Menunggu beberapa saat, tiba-tiba tubuh Raddas condong ke belakang. Dia terkena pukulan yang sangat kuat, sampai membuatnya memuntahkan darah. Matanya membulat, serangan itu begitu kuat baginya.


 


“Ini! Bagaimana mungkin kau memiliki kekuatan sekuat ini?” Raddas tidak percaya dengan penglihatannya, seseorang yang sangat dikenalinya sedang berdiri di hadapannya dengan senyum picik. Matanya yang merah legam, kekuatan yang dipancarkannya tidak biasa.


 


“Apa kau kira, hanya dirimu yang bisa menjadi kuat, hah!?”


 


“Saya tahu, kamu memiliki kebolehan. Akan tetapi, tidak sekuat ini. Tidak mungkin ‘kan seseorang bisa bertambah kuat, hanya dalam beberapa minggu. Padahal saat terakhir kita berlatih tanding, kau tidak sekuat ini.” Raddas belum juga percaya Lip bisa menjadi kuat hanya dalam waktu yang singkat.


 


Raddas yang memegangi perutnya, masih menatap Lip tidak percaya.

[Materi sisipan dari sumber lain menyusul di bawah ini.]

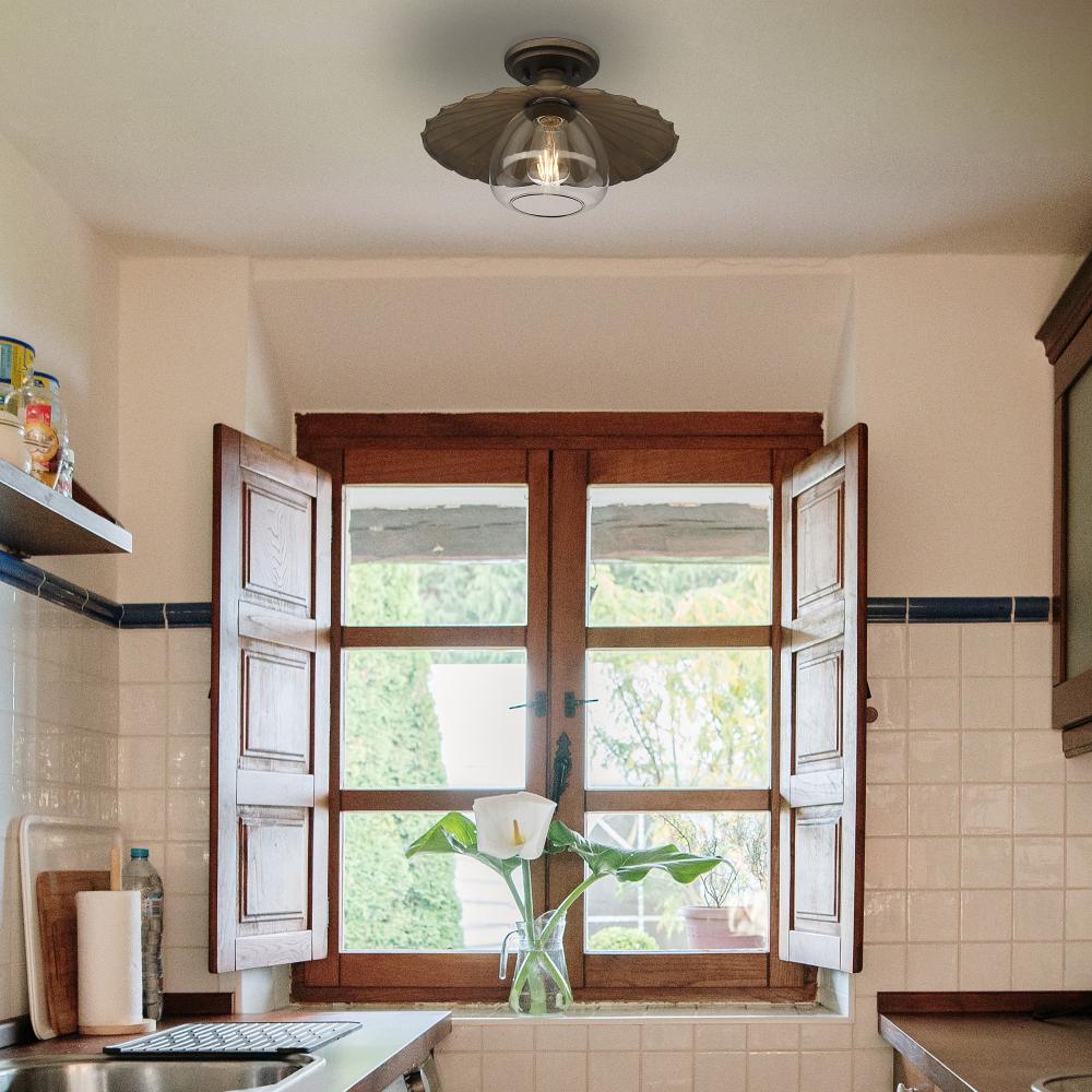 Bring traditional elegance into your home with the Wry Lighting Clemence 1-light Flush Mount in Dark Rust. Featuring a glass shade and a Dark Rust frame, it creates a welcoming atmosphere. The clear glass shade offers brilliant, unobstructed light, polished to a high-gloss shine, allowing the bulb's beauty to shine through. Embrace the cozy charm of country living with this flush mount light that highlights the classic barn-style design and decorative scalloped edge, perfectly suited for rustic interiors. The Dark Rust finish embraces the raw beauty of natural corrosion, providing an authentic, time-worn character ideal for vintage-inspired spaces. This fixture is perfect for low ceilings in hallways, closets, and bathrooms, and it is damp location rated, making it suitable for covered and semi-enclosed spaces. Customize your lighting with adjustable directional heads to highlight specific areas easily. Overall dimensions are 13.75"W x 8.5"H x 13.75"D, and it requires 1 E26 Medium base bulb (not included) with a maximum wattage of 100. Experience the perfect blend of quality and style in your home with the Wry Lighting Clemence flush mount.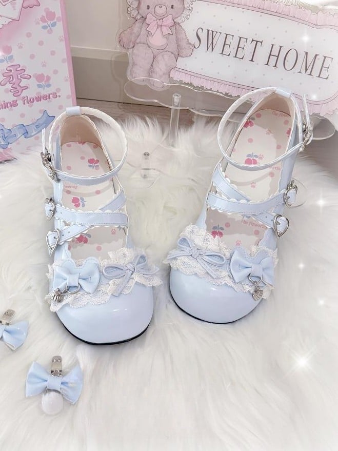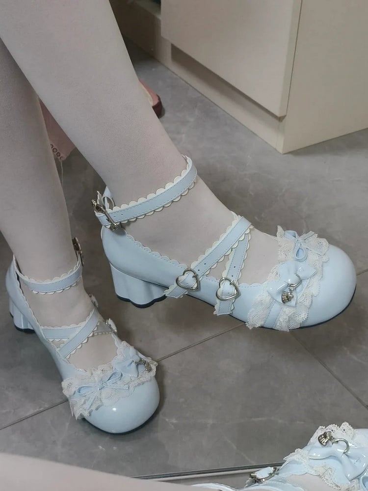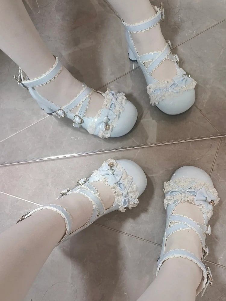 Bow Details, Cake Ankle Closure & Scalloped Edge PU Blue Mid-heel Mary Janes in Sweet Lolita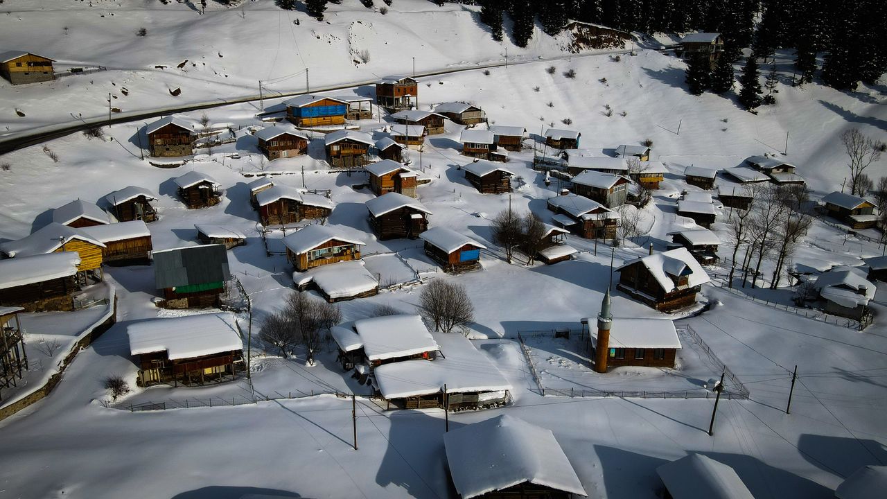 Doğal ve yaşlı ormanlar içinde yer alan ladin, sarıçam ve köknar ağaçlarının etrafına kurulan yayla evlerinin çatıları karla kaplanırken, karayolunda seyahat edenler durup, yol kenarından bol bol fotoğraf çekiyor.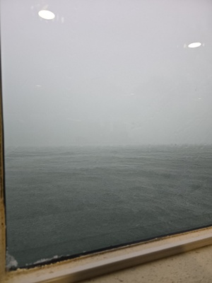 잠시 기다린 뒤 출발한 페리는 고속이라 흔들림이 크게 느껴지지 않았어요. 그래도 멀미약을 먹으니 자연스럽게 잠이 들어서 편하게 올 수 있었어요. 은근히 눈이 감기는 그런 기분.... 페리는 한 50분정도 탔고 가는 내내 빗방울과 함께여서 그런지 피난길에 오른 듯한 기분과 함께 홍콩에 도착했어요.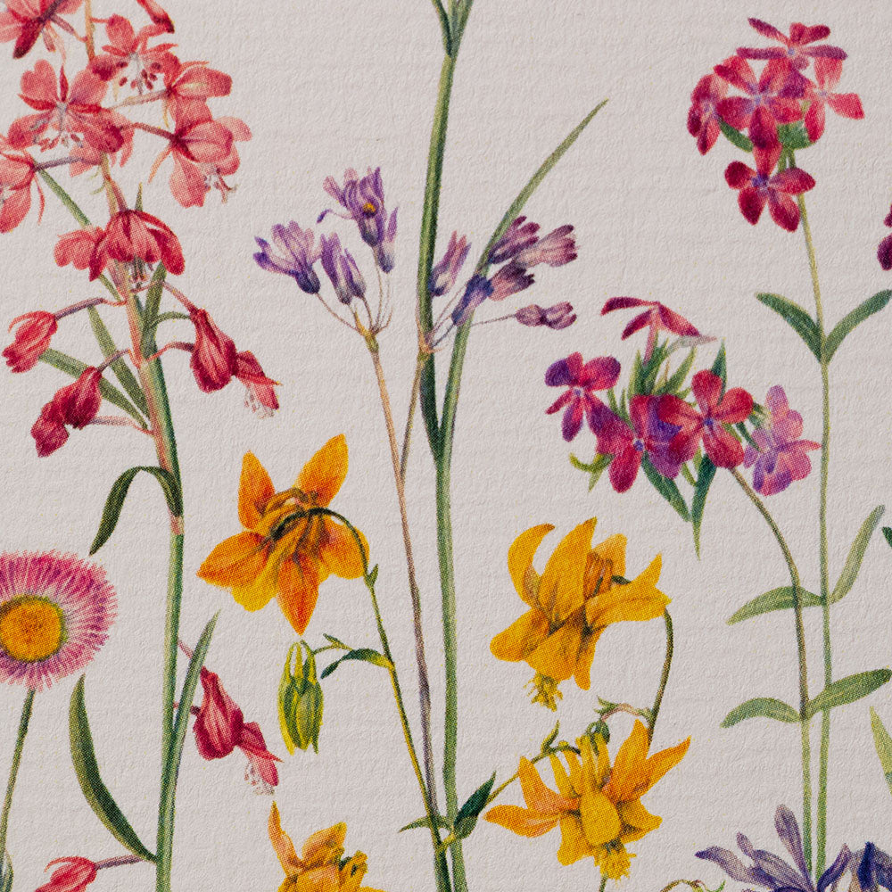 This design is our ode to the florals that bring to mind our beloved founder June: a meadow of vibrant florals unfurling across the canvas.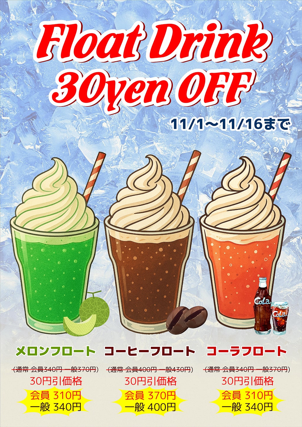お風呂上りにもウレシイ!みんな大好き!フロートが今なら割引価格にてご提供♪ ちょっと贅沢なドリンクをお楽しみください!

Tubuhnya terhempas terkena pukulan yang cukup kuat ke belakang, Raddas yang masih terhempas menyeimbangkan tubuhnya dan berpijak di atas arena.


 


Sedikit saja terlambat, dia pasti sudah keluar arena. Raddas menggeram, “Jika seperti ini terus, saya bisa kalah dari Lip.”


 


Raddas mengeluarkan energi api, sehingga kedua tangannya terselimuti kobaran api. Dia bergerak cepat menyerang Lip, tapi dapat dihindari dengan mudah. Raddas menendang dagunya, namun Lip membukukkan tubuh ke belakang untuk menghindarinya.


 


Hal tersebut membuat Raddas kurang hati-hati, dia membiarkan celah terbuka lebar bagi Lip. Tubuhnya menjadi bulan-bulanan Lip, Lip dengan segala serangan yang bisa disarangkan. Raddas yang menjadi bulan-bulanan, hanya bisa menahan emosi.


 


Dia menghembuskan nafas kasar, setelah lolos dari Lip. “Apa ada yang memberinya energi, sehingga dalam waktu singkat dia bisa sekuat ini? Tapi, bukankah metode ini sangat terlarang dalam Kerajaan Selatan, karena bahaya yang ditimbulkannya dapat mengancam nyawa.” Batin Raddas. Dia tidak sadar pernah mendapat suntikan energi yang begitu besar dari Barbara. Saat melawan Gin dulu.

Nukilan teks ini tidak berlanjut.